R/convertMAgPIE.R
In pik-piam/moinput: Model Operations Input Data Library
Defines functions
convertMAgPIE
#' Convert MAgPIE data
#'
#' Convert MAgPIE data to country-level.
#'
#' @param x input MAgPIE data on region-level
#' @param subtype Either "EmiAirPoll", "macBase", "co2tax", "supplyCurve_magpie_40", "abatparam_co2"
#' @importFrom madrat regionscode
#' @return magpie object
#' @author David Klein, Felix Schreyer
#' @export
#' @importFrom magclass as.magpie dimReduce
#' @importFrom dplyr %>% mutate select rename left_join
#' @importFrom quitte as.quitte
#'
convertMAgPIE <- function(x, subtype) {
if (subtype == "EmiAirPoll") {
# read CEDS emissions data from sources (only airpollutants)
bc <- readSource("CEDS",subtype="BC")
ch4 <- readSource("CEDS",subtype="CH4")
co <- readSource("CEDS",subtype="CO")
nh3 <- readSource("CEDS",subtype="NH3")
nox <- readSource("CEDS",subtype="NOx")
nmvoc <- readSource("CEDS",subtype="NMVOC")
oc <- readSource("CEDS",subtype="OC")
so2 <- readSource("CEDS",subtype="SO2")
y <- "y2005"
ap <- mbind(bc[,y,],ch4[,y,],co[,y,],nh3[,y,],nox[,y,],nmvoc[,y,],oc[,y,],so2[,y,])
# convert to sectoral mapping
map <- toolMappingFile("sectoral", "mappingCEDS59toSectors.csv", readcsv = TRUE)
ap <- toolAggregate(ap, map, dim=3.1, from = "CEDS59", to = "Sectors")
weight <- dimSums(ap[,,c("agriculture", "luc")], dim = 3)
mappingfile <- toolMappingFile("regional","regionmappingMAgPIE.csv")
mapping <- read.csv2(mappingfile)
} else if (subtype == "macBase") {
mappingfile <- toolMappingFile("regional","regionmappingMAgPIE.csv")
mapping <- read.csv2(mappingfile)
primap <- readSource("PRIMAPhist", subtype ="hist")
weight <- dimSums(primap[,"y2005",c("CAT4", "CAT5")][,,c("n2o_n", "ch4")], dim = 3)
} else if (subtype %in% c("co2tax","macBaseCO2luc")) {
mapping <- toolMappingFile("regional","regionmappingH12.csv")
# use total land area as weight
weight <- calcOutput("LanduseInitialisation",aggregate=FALSE)[,2005,]
# sum over 3.dimension
weight <- dimSums(weight,dim=3)
getYears(weight) <- NULL
} else if (subtype == "supplyCurve_magpie_40") {
# variable definitions needed for data.frame operations below
region <- NULL
value <- NULL
Total <- NULL
CountryCode <- NULL
RegionCode <- NULL
# FS: Disaggregation of MAgPIE biomass supply curves to iso-countries:
# We assume that countries that are part of a MAgPIE region have the same fix cost to produce the first unit of biomass (same offset parameter).
# For the slope parameter, we assume that biomass can be produced at lower cost in countries that currently have a large agricultural areas
# We therefore divide the slope parameter of the MagPIE region by the share in agricultural area of the iso country relative to the MAgPIE region
# to obtain the disaggregated slope parameter of the iso-country.
# Note: This disaggregation does not work if iso-countries cover more than one MAgPIE region.
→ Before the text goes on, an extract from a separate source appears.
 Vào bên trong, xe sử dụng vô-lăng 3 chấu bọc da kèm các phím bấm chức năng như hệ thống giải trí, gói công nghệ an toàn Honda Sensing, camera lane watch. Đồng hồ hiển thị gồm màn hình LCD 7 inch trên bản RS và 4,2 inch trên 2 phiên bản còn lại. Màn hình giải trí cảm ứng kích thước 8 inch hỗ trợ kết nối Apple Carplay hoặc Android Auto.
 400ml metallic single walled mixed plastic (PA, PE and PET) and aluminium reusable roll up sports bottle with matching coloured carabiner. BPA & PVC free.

For this case, this needs to be reworked!
# regionmapping of input MAgPIE data, needs to be changed if MAgPIE data changes regionmapping
mapping <- toolMappingFile("regional","regionmappingH12.csv", readcsv = T)
# aggregate to from regions to iso-countries -> just copies regional values to countries
y <- toolAggregate(x, mapping, weight = NULL)
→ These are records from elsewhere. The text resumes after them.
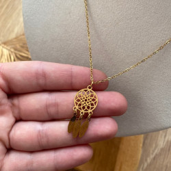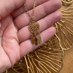 Collier attrape-rêves en acier inoxydable doré. Léger, élégant et résistant à l’eau. Parfait pour un style bohème chic au quotidien.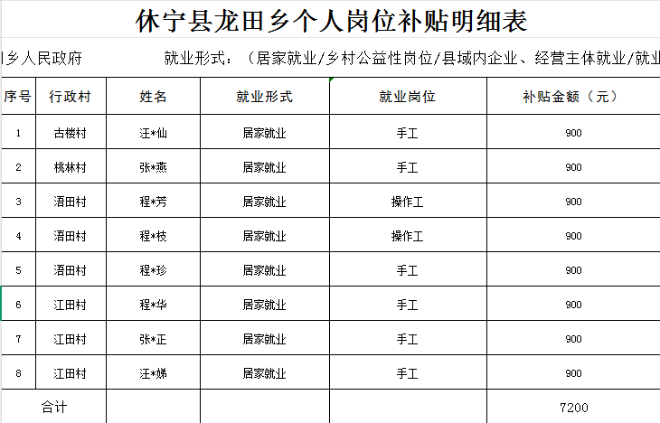 【帮扶资金】龙田乡一季度居家就业补贴明细表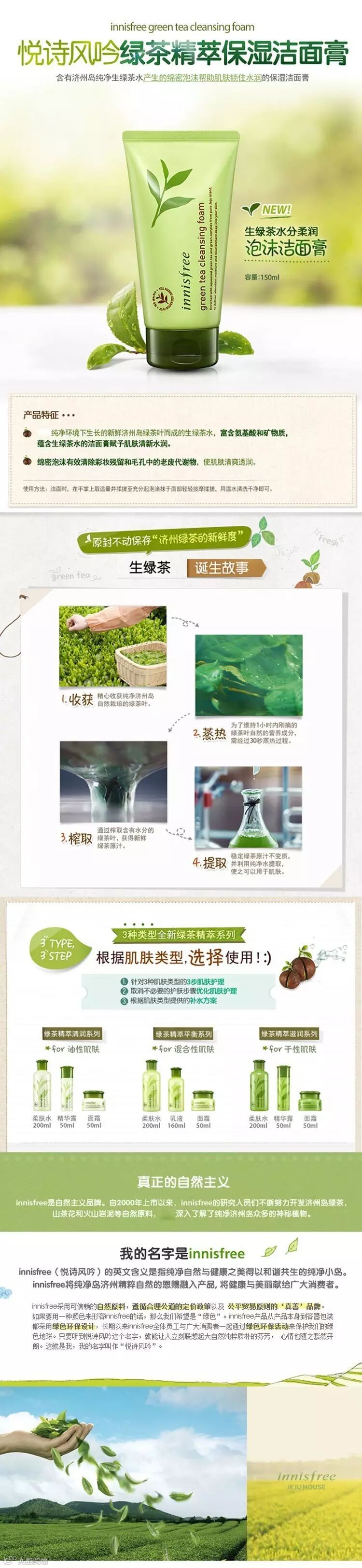 到了这个季节,对于护肤用品其实也就一个诉求了:保湿!夏转秋的过程中,如果急需种草一套保湿护肤的亲们,innisfree是个不错的选择,韩国的超人气明星产品质量没的说,并且知道这个牌子也就一定知道精粹平衡保湿柔肤水&柔肤露这套组合了,用济州岛的栽培绿茶作原料,保湿锁水同时不油腻又吸收快!想解决皮肤干燥,T字区油腻的亲们赶紧下手~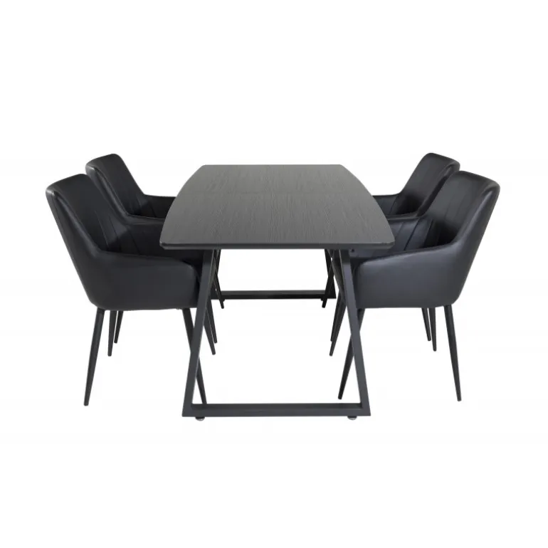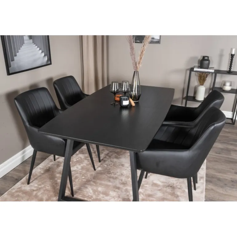 Spisebordssæt Inca med stole Comfort kombinerer slankt design med høj siddekomfort. Den sorte spisebordsoverflade i MDF og papirlaminat giver et moderne udtryk, mens de komfortable stole inviterer til lange og hyggelige sammenkomster. Dette trendy Spisebordssæt er ideelt til dem, der ønsker at skabe en stilfuld spiseoplevelse i hjemmet.

# calculate share in agricultural land area of countries relative to MAgPIE regions
# get agricultural land for iso-countries in 2010 from FAO
AgrLandIso <- calcOutput("FAOLand", aggregate = F)[,"y2010","6610|Agricultural area.area"]
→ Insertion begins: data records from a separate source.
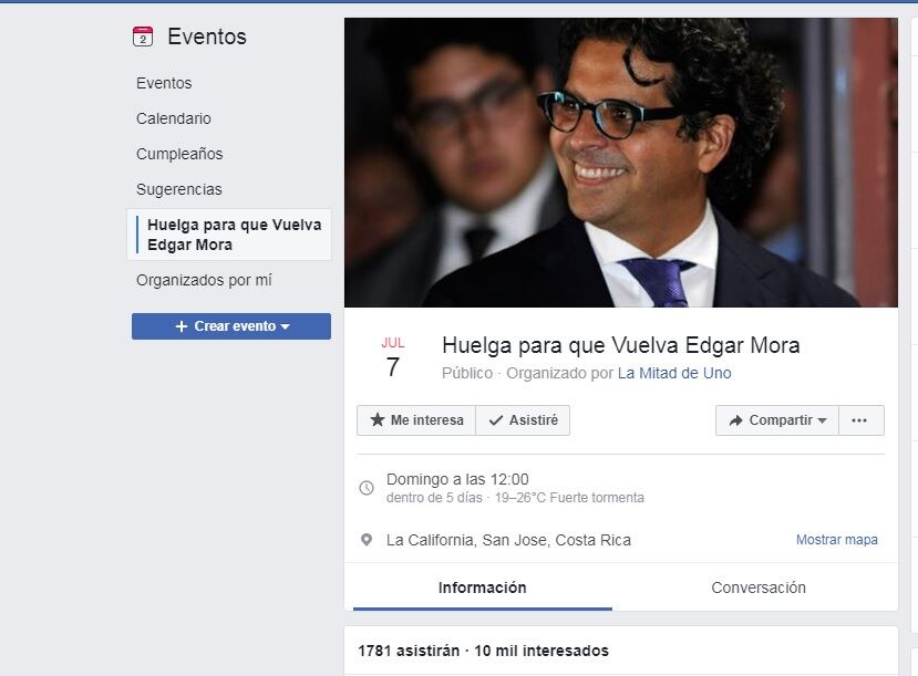 La iniciativa se llama ‘Huelga para que vuelva Edgar Mora’. Actualmente hay diez mil interesados en asistir al evento y ya 1.700 personas confirmaron asistencia.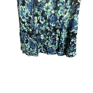 Fit and flare design with ruffle, bottom, side zip, and button closure, straight front band, elastic back band, fully lined.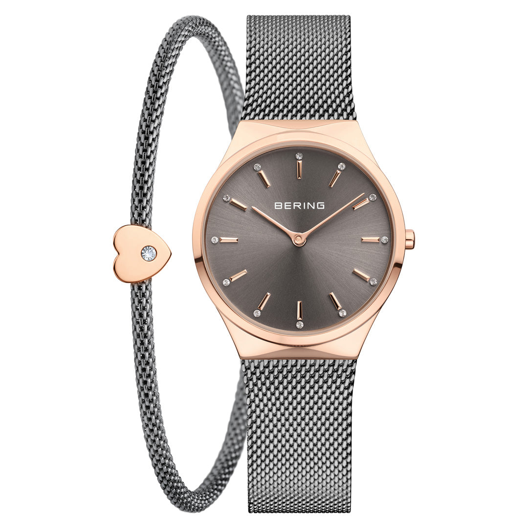 Bering Gift Set 35mm Rose Gold Grey Milanese Strap with Matching Bracelet Watch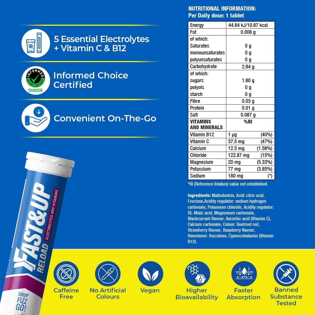 Fast&Up Reload – Mixed Berry – Instant Electrolytes & Hydration – 20 Effervescent Tablets

# aggregate agricultural land to regions in regionmapping
AgrLandReg <- toolAggregate(AgrLandIso, mapping)
# calculate share of agricultural land area for each iso-country relative to the MAgPIE region it is in
AgrLandShare <- as.quitte(AgrLandIso) %>%
select(region, value) %>%
rename(CountryCode = region) %>%
left_join(mapping) %>%
left_join((as.quitte(AgrLandReg) %>%
select(region, value) %>%
rename(RegionCode = region, Total = value))) %>%
mutate(value = value / Total) %>%
# if no agricultural area at all -> assume very low share of 1e-5
mutate( value = ifelse(value == 0, 1e-5, value)) %>%
select(CountryCode, value) %>%
as.magpie(spatial = 1, datacol=2) %>%
dimReduce()
# divide slope parameter b by agricultural land share
y[,,"b"] <- y[,,"b"] / AgrLandShare
x <- y
} else if (subtype == "MAgPIEReport_extensive") {
# remove GLO values because they cannot be handled by the disaggregation to ISO countries below
x <- x["GLO",,,invert=TRUE]
# currently the MAgPIE data is only available in H12 resolution
mapping <- toolMappingFile("regional","regionmappingH12.csv")
# use total land area as weight for regional disaggregation
weight <- calcOutput("LanduseInitialisation",aggregate=FALSE)[,2005,]
# sum over 3.dimension
weight <- dimSums(weight,dim=3)
getYears(weight) <- NULL
}
# supplyCurve_magpie_40 disaggregated above
if (! (subtype %in% c("abatparam_co2","supplyCurve_magpie_40"))) {
y <- toolAggregate(x, mapping, weight = weight)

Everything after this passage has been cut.